*WHAT THE EXERCISE ASKS*
The range to repeat runs from the line with "Mięso mielimy przez" to the last line below, both ends included; give it exactly and without pictures.

*RECORDED DATA*
* * *

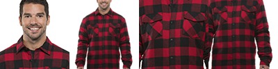 100% poly lining; 4.1 oz. 55/45 cotton/poly flannel shell; Quilted nylon lining; Button-down front; 2 chest pockets with hook and loop flaps; Side pockets;
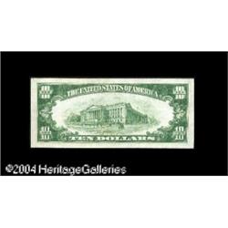 Fr. 1860-H* $10 1929 Federal Reserve Bank Note. Choice <B>Fr. 1860-H* $10 1929 Federal Reserve Bank Note. Choice Crisp Uncirculated.</B></I><BR>A lovely, fully original, boldly embossed example that has excellent centering and wonderful eye appeal, the second of this consecutive pair. Our conservative grade of Choice is due only to a couple of as-made paper wrinkles that do not at all detract from the appearance. A rare star note in this grade, and likely to see considerable bidding interest. <BR><BR><B>Important notice:</B> Heritage usually auctions material at the rate of 200-250 lots per hour. On some occasions eBay Live bid software or the Internet may not be able to keep up with the pace of the auction. We recommend placing a realistic absentee bid now as insurance to avoid disappointment. Occasionally the auctioneer may eliminate or reject an eBay Live bid, and the auctioneer may also reopen a lot after the close of the eBay live bidding (usually because we missed an audience bid), and may reject your bid even if it shows you as the winning bidder. By bidding via eBay Live, you agree that Heritage may award the lot to another bidder at its sole discretion under the circumstances described above or any other reasonable circumstances. Since eBay bids are not shown to us until we open the lot on the floor, we treat those bids just like floor bids. In most cases the floor responds before the eBay bid is presented to us, due to Internet lag time, so for consistency we have made it a policy that floor bids are always considered first over tie eBay live bids. Also please note that all Heritage lots purchased through eBay Live carry a 20% Buyer's Premium. Please make sure you read the Terms and Conditions before you bid. This lot is being auctioned in conjunction with a live floor auction by Heritage Galleries & Auctioneers. All final auction and invoice information will be supplied by Heritage Galleries & Auctioneers, and all other information should be considered preliminary. Lot:16303
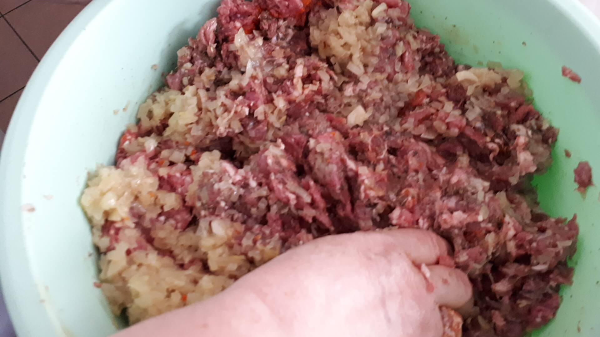 Mięso mielimy przez grube oczka jak na kiełbasę. Siekamy czosnek, który uciskamy z solą i dodajemy do mięsa. Pokrojoną cebulę podsmażamy, dodajemy ją do mięsa po ostudzeniu. Przyprawiamy farsz solą, pieprzem i majerankiem. Dość długo wyrabiamy mięso dodając też ponad szklankę przegotowanej (lub mineralnej) wody. Tak przygotowane mięso odstawiamy na kilkanaście minut do lodówki.
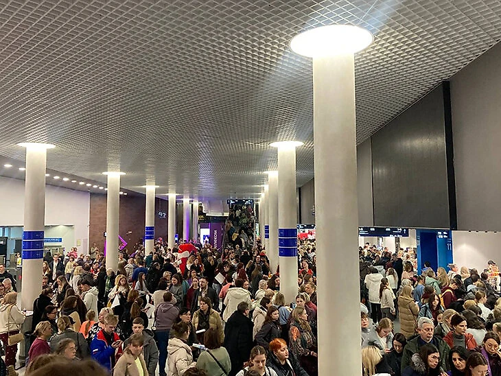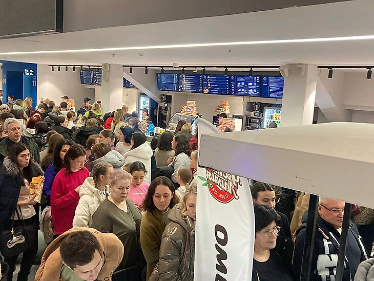 Например, узкие проходы между рядами (чтобы пропустить соседа, приходится вставать), скучное, серое, тесное пространство внутри дворца. Даже когда на трибунах было пустовато (об этом ниже), в лобби в перерывах между прокатами – дикая давка и очереди.

* * *

*SOLUTION TO THE PROBLEM*
 Mięso mielimy przez grube oczka jak na kiełbasę. Siekamy czosnek, który uciskamy z solą i dodajemy do mięsa. Pokrojoną cebulę podsmażamy, dodajemy ją do mięsa po ostudzeniu. Przyprawiamy farsz solą, pieprzem i majerankiem. Dość długo wyrabiamy mięso dodając też ponad szklankę przegotowanej (lub mineralnej) wody. Tak przygotowane mięso odstawiamy na kilkanaście minut do lodówki.
 Например, узкие проходы между рядами (чтобы пропустить соседа, приходится вставать), скучное, серое, тесное пространство внутри дворца. Даже когда на трибунах было пустовато (об этом ниже), в лобби в перерывах между прокатами – дикая давка и очереди.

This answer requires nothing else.